Das Problem: Recherchen der Süddeutschen Zeitung haben ergeben, dass genau diese Informationen jahrelang ungeschützt im Internet standen. Kriminelle hätten personenbezogene Daten von mehreren Millionen Reisenden erbeuten können, darunter das Flugticket, Name, Anschrift, Rechnungen und teilweise auch Bankdaten. Dafür waren keinerlei technische Kenntnisse nötig. Jeder konnte die Informationen mit geringem Aufwand abfragen.

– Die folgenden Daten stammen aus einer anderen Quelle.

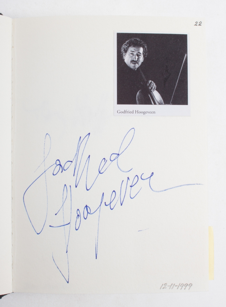 compiled book with a total of 79 signatures of renowned musicians with photo and curriculum. Signatures of Wynton Marsalis, Philip Glass, Bernard Haitink, Philippe Herreweghe, Kurt Masur, Natalia Gutman, Ken-Ichiro Kobayashi and many other musical greats.
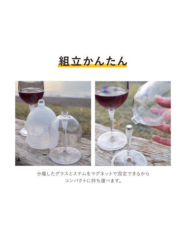 グラスとステムが取り外せて、グラス内にステムを収納できるコンパクト設計。
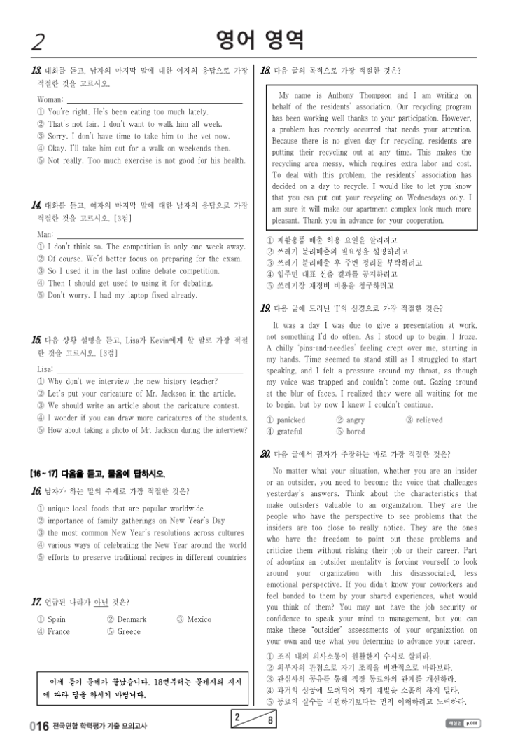중고등 영어 내신 부교재 기출문제 변형문제 사이트 정리
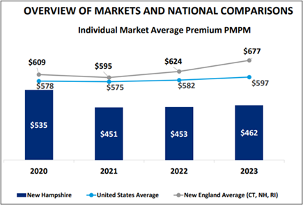 New Hampshire: Closer to home, New Hampshire has seen even greater success with its Individual Market reinsurance program. Launched in 2021, reinsurance helped lower the average individual market premium from a high of $613 per month in 2018 to $462 per month in 2023 (-25%).
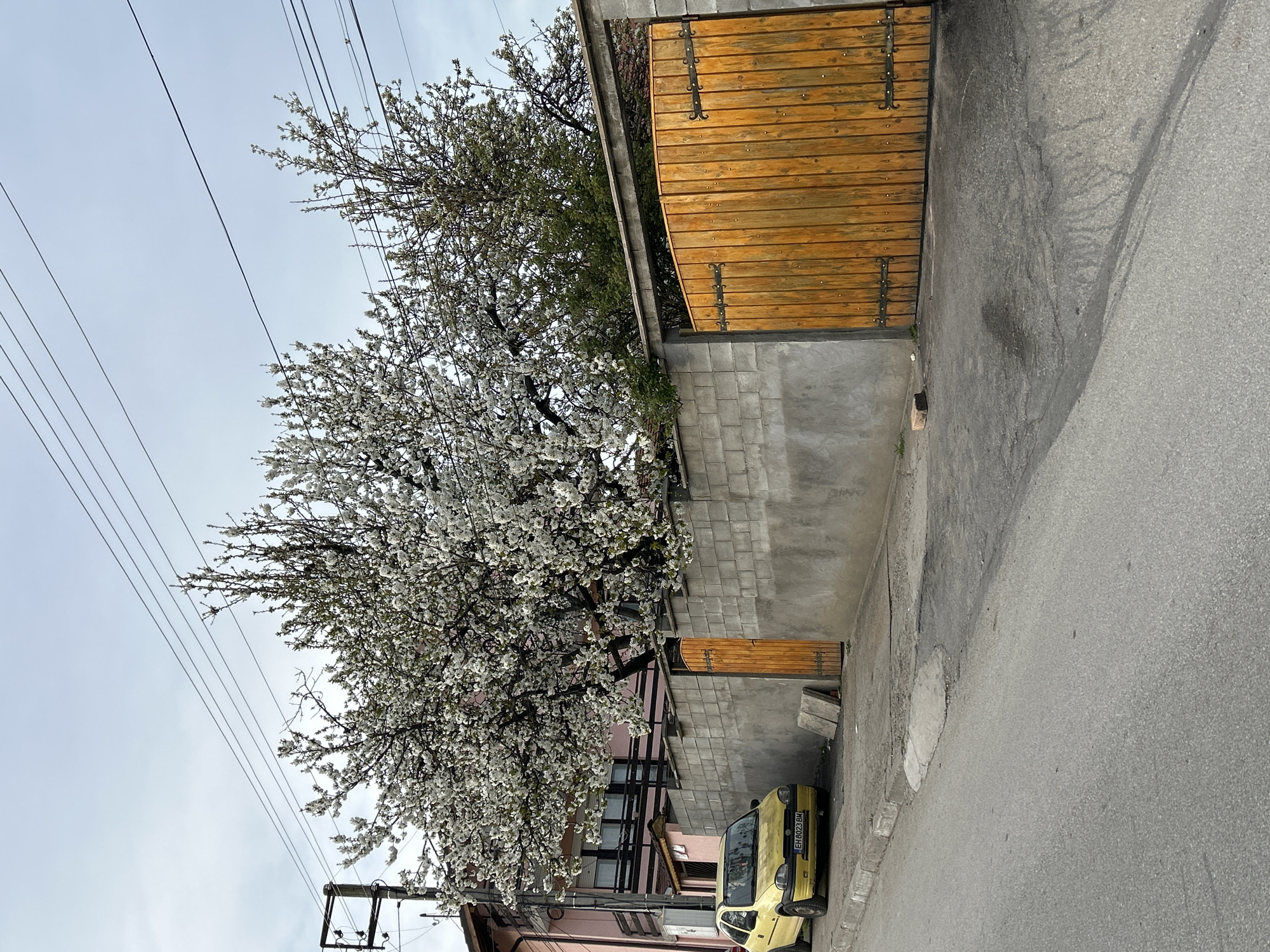 The image depicts a street scene in Bukovlak, Bulgaria. A yellow car is parked on the side of the street near a concrete block wall with wooden gate. A tree with white blossoms is in full bloom next to the wall. Overhead power lines are visible against a cloudy sky. A pink building is partially visible behind the tree.
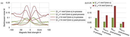 To understand the characteristics observed and described before, Figure 6a shows exemplarily some BN envelopes measured during and after grinding with different Q′w (directly before and after sparking out). The values MMAX and MMEAN derived from the envelopes are shown in the bar chart (b). For the condition ground with Q′w = 1 mm3/(mm∙s), peaks during and after grinding have the same height. This corresponds to Figure 2 and Figure 5. During grinding with Q′w = 14 mm3/(mm∙s), MMAX is around 0.17 V and increases to 0.22 V after sparking out. The reason for this change is not yet clear but might be an effect of worse contact, and a larger air gap between the sensor and the workpiece due to vibrations during grinding with high Q′w. As shown in [23], BN decreases with increasing distance between the sensor and the workpiece surface. Furthermore, it is noticeable that, during grinding, the BN in the saturation area (near ±100 A/cm) of the hysteresis curve increases. This effect is already visible at Q′w = 1 mm3/(mm∙s) but increases with higher Q′w. Reasonably, a superposition of the magnetization by a mechanical excitation, as described in [24], can be assumed. In [29], Theiner and Koblé described that the superposition of a magnetic excitation with a mechanical excitation of higher frequency especially increases the BN signal at higher and lower field strengths but not in the area of coercivity. This is explained by the different processes during magnetization. Near coercivity, a change in magnetization takes place due to shifts of the 180° Bloch walls [6] that are not magnetostrictive and therefore not affected by mechanical excitation [29].

Grund ist eine Sicherheitslücke beim Berliner Flugticket-Großhändler Aerticket. Das Unternehmen stellt Tickets für mehrere tausend Großkunden aus. Darunter sind viele Reisebüros, aber auch Online-Reiseportale wie etwa die Unister-Töchter Fluege.de, Ab-in-den-Urlaub und Flug 24 oder Flugpreissuchmaschinen wie Tripado und Travel-Overland. Die Portale sind für die Sicherheitslücke nicht verantwortlich. Es besteht auch kein Zusammenhang mit der Insolvenz des Leipziger Unternehmens Unister, das Webportale betreibt.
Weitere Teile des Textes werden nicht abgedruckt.